Villanova U. students are building a virtual tour of the Vatican
Students and faculty from a private Catholic university in Pennsylvania have been recreating some of the most historic Vatican and Roman sites using virtual reality technology, and have now begun planning their latest project — a virtual tour of the Apostolic Palace of Castel Gandolfo.
By using VR, teams from Villanova University’s Department of Computing Science have enabled anyone to explore off-limits areas of the Vatican, while training in an emerging field of technology.
“A lot of these places are either private or they are sensitive and can’t bear a lot of traffic,” Frank Klassner, computer science professor at Villanova and project lead, told EdScoop. “Villanova and the Vatican are keen to help the wider world discover these places even if it’s just virtually.”
The Apostolic Palace, the papal summer residence in the small town of Castel Gandolfo in central Italy, is the eighth virtual tour Villanova has produced with the Vatican. Klassner said he expects the team will photograph the site sometime in the first half of 2019. Pope Francis does not use Castel Gandolfo as his summer home, providing the school ample time to take photos and gather information without disrupting papal activities, he said.
The school’s last project, completed in November, showcased the Redemptoris Mater Chapel, the Pope’s private worship space, embellished with elaborate floor-to-ceiling mosaics. The gallery of tours currently includes St. Peter’s Basilica, St. John Lateran, St. Paul-Outside-The-Walls, The Sistine Chapel, and the Vatican Necropolis.
Villanova and the Vatican started their partnership to create VR tours in 2003.
“The Vatican understood that it had technology needs and interests,” Klassner said of the partnership.”We will never be able to perfectly duplicate a real-world experience, but we do want to give you as much of the real world as we can.”
No room for error
In addition to the Apostolic Palace, the team has been granted rare clearance from the Papal Household to photograph several restricted sites for the purpose of creating virtual models.

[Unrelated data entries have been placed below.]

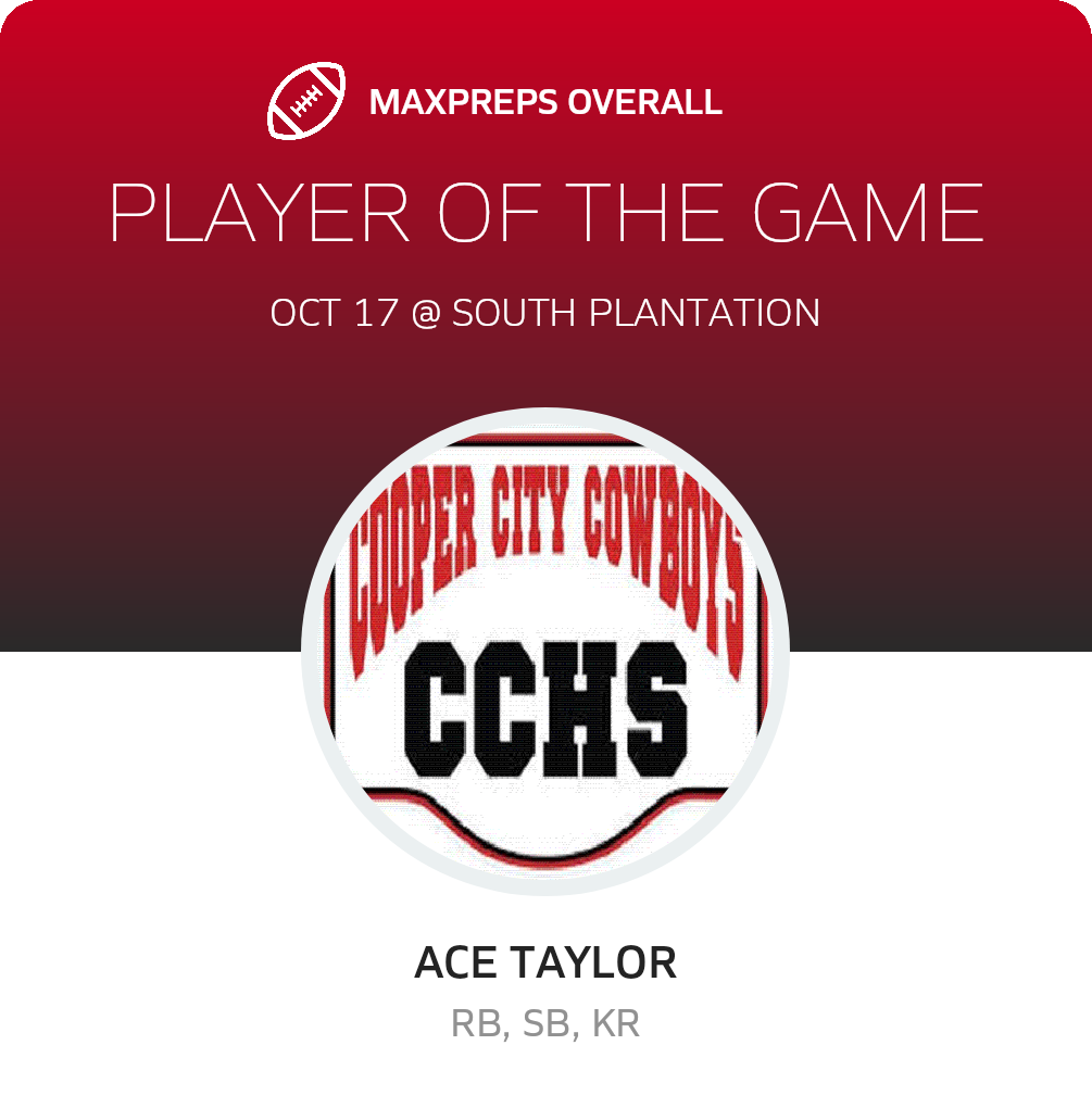 With the win, Cooper City advances its record to 5-3 on the season. The Cowboys host Cypress Bay (Weston, FL) to encounter the Lightning in a non-league bout on Friday, October 24. The Lightning go into the bout with a record of 4-4. Cypress Bay lost 26-0 in their recent league bout against Western (Davie, FL)
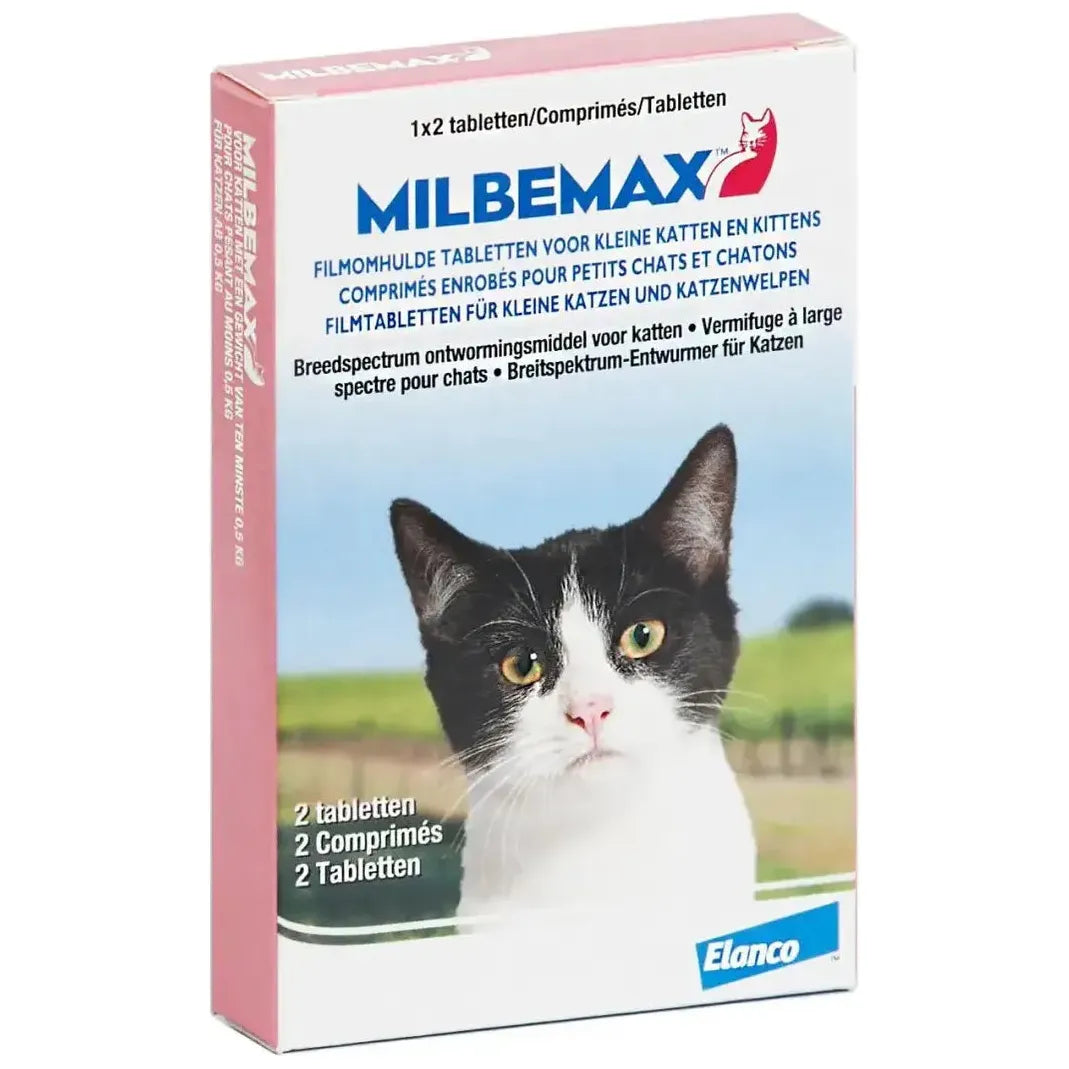Milbemax is een breed spectrum ontwormingsmiddel voor katten. Breed spectrum houdt in dat het middel werkzaam is tegen alle soorten wormen. Milbemax is het meest gebruikte ontwormingsmiddel en wordt door dierenartsen door het hele land aangeraden. Het middel komt in de vorm van kleine tabletjes. Deze kan je in zijn geheel of fijngemalen aan jouw kat geven. Je kunt Milbemax zowel preventief als bij een actieve wormeninfestatie gebruiken.
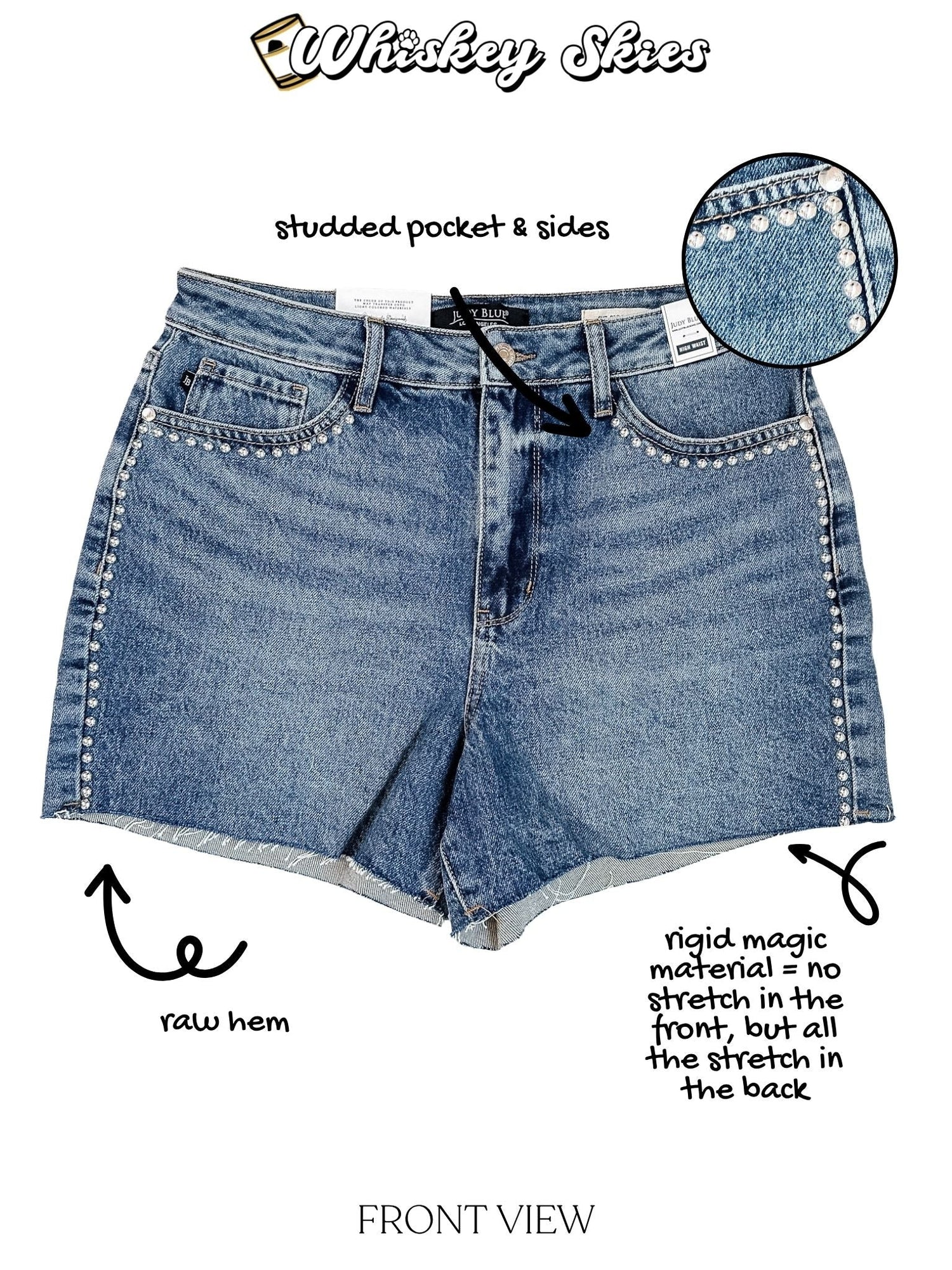 Judy Blue High-Waist Rigid Magic Denim Shorts W/ Studding Details

For more than a decade, Klassner has led the projects and worked with a team of students both on-site and in the computer lab. Klassner said that for each tour, his team travels to the Vatican and takes hundreds of photographs to capture the detail of the spaces. Just one location can require 120 to 150 photographs stitched together to create the tour, though many more photographs are taken in the data gathering process, Klassner said. While visiting the Redemptoris Mater Chapel, Klassner and his students carefully took more than 800 photos.
Klassner said he and his students use a motorized camera rig with a standard digital camera to capture a 360-degree views of the spaces. The process, he said, takes anywhere from a few hours to a few days. In the process of taking photographs, Klassner said his team has to worry about proper exposures, color correction and image alignment. “If you make a mistake, if there is any vibration, you have to redo the whole shoot,” he said.
After all the visual data has been collected, the team must then intricately lace images together and painstakingly program the visitor interactivity. The result is a highly-detailed, interactive experience in rarely-before-seen spaces of the Vatican.
Villanova students who participate in these projects are getting great experience in international computing, Klassner said. They are challenged by the diverse audience of their products — people from different countries speaking different languages — and are able to build skills they wouldn’t otherwise get from a traditional internship based in the United States, all while preserving a piece of history.